Nathan Cleary (born 14 November 1997) is an Australian professional rugby league footballer who plays as a  the Penrith Panthers in the NRL and Australia at international level. He won both the 2021 and the 2022 NRL Grand Finals with the Panthers. 

He is best known for his accurate kicking game, playmaking, goalkicking and vision. He won the Clive Churchill Medal in 2021. 

He has represented the NSW Blues in State of Origin and also played for City NSW.

Background
Cleary is the son of coach and former professional rugby league footballer Ivan Cleary who coaches him at the Penrith Panthers.

Cleary was born in Sydney, New South Wales, Australia.

He spent a number of his childhood years living in Auckland, New Zealand while his father was playing for, and later coaching, the New Zealand Warriors. Attended Sacred Heart College, Auckland for two years and having grown up playing soccer, Cleary switched to rugby league during his pre-teens, playing at a junior level for the Mount Albert Lions in Auckland and the Penrith Brothers in Sydney. He completed his HSC while attending St Dominic's College, Penrith in 2015, where he was a prefect.

Cleary is of Croatian descent. He is the nephew of Josh Stuart and Jason Death. He previously held a New Zealand passport.

Playing career

Early career
Cleary progressed through the Penrith club's junior system, playing in their Harold Matthews Cup (under 16) and S. G. Ball Cup (under 18) teams, the latter of which he captained in 2015. 

Cleary appeared for the Windsor Wolves in the Ron Massey Cup and Sydney Shield in a handful of games, before being called into Penrith's National Youth Competition (under 20) squad mid-season. Cleary was unavailable to play in Penrith's 2015 NYC Grand Final winning team due to his selection in the Australian Schoolboys team, whom he captained during their two match series against New Zealand under-18s. Cleary played 20 games, scoring 11 tries and kicking 109 goals for 262 points in his U20s career from 2015 to 2016.

2016
Starting the season as Penrith's first-choice halfback in the NYC, Cleary was selected to play for the Junior Kangaroos against the Junior Kiwis in May, where he played at five-eighth scoring a try and kicking 5 goals in the 34-20 win. He made his New South Wales Cup debut for the Penrith club in round 11, the only game he'd play in that competition in 2016. On 2 June, Cleary extended his contract with the Panthers until the end of the 2019 season; his decision to do so voided a 'father-son' clause in his contract, which would have allowed him to leave the club following his father's dismissal as Penrith's head coach late the previous year, had he so pleased.

Two days after the signing, in round 13, Cleary made his NRL debut for the Penrith Panthers against the Melbourne Storm at five-eighth. Despite a 6-24 defeat at AAMI Park, Cleary had a great debut; making 38 tackles.
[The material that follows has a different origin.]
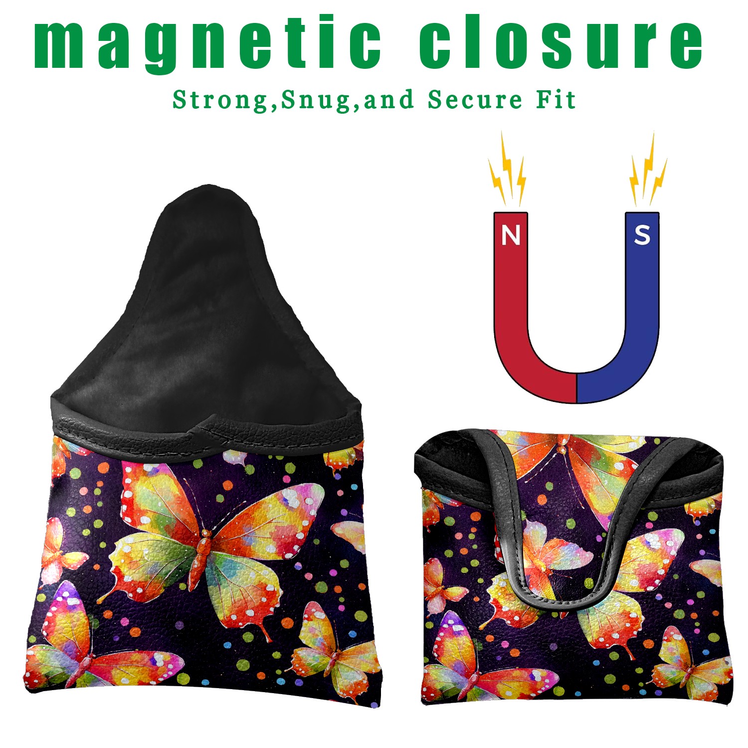 Mallet Putter Cover Magnetic PU Leather Golf Putter Headcover with Plush Lining, Mallet Putter Headcover for Men Women Golf Club Covers (Butterfly Purple)
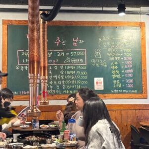 このチョークで書かれた「地元感」のある雰囲気が、隠れ家っぽくてすごく素敵なんです。済州島産のオギョプサルやサムギョプサルなど、こだわりのメニューが並んでいます。

The next week against the Manly-Warringah Sea Eagles, Cleary scored his first NRL try, as well as kicking five goals in Penrith's 31-24 win at Brookvale Oval. Following a man of the match performance against the South Sydney Rabbitohs in round 15, The Daily Telegraph said of Cleary: "[it's] hard to believe he is only 18 playing his third NRL game. Composed under pressure, kicked well and supported inside for a crucial second half try."

After the departure of seasoned half Jamie Soward and Peter Wallace shifting to hooker, Cleary remained at halfback for the rest of the season. He was in the race for the rookie of the year award, but lost to the Gold Coast Titans halfback, Ashley Taylor. He finished his debut season with 3 tries and 52 goals from 15 matches. He was the Penrith club's highest point-scorer with 116 points. Cleary was rewarded with being named in the emerging NSW Blues squad.

2017
Cleary was named in Penrith's squad for the 2017 NRL Auckland Nines. On 1 May, Cleary was named in the NSW City Origin representative team to play in the last ever City vs Country game.

Cleary finished the season as highest pointscorer in the NRL with a total of 228 points, the youngest player to achieve this since 1913. He played in all 26 games for the Penrith club, scoring 11 tries and kicking 92 goals. Cleary also became the youngest player ever to score 200 points in a season.

2018
Cleary started the 2018 season as possibly the NRL’s form player before suffering a knee injury in Round 3 against Canterbury-Bankstown where Penrith lost 20-18 at ANZ Stadium. While he was out with the injury, Cleary was still leading in contention for the halfback spot for New South Wales. Cleary made his return to the field in Round 11 against his father’s team the Wests Tigers, where he helped steer the Penrith club to a 16-2 victory at Penrith Stadium. In his next performance in Round 12 against table toppers the St George Illawarra Dragons, Cleary earned his spot in the New South Wales squad after a fine match, scoring a try as Penrith won convincingly 28-2 at Penrith Stadium. 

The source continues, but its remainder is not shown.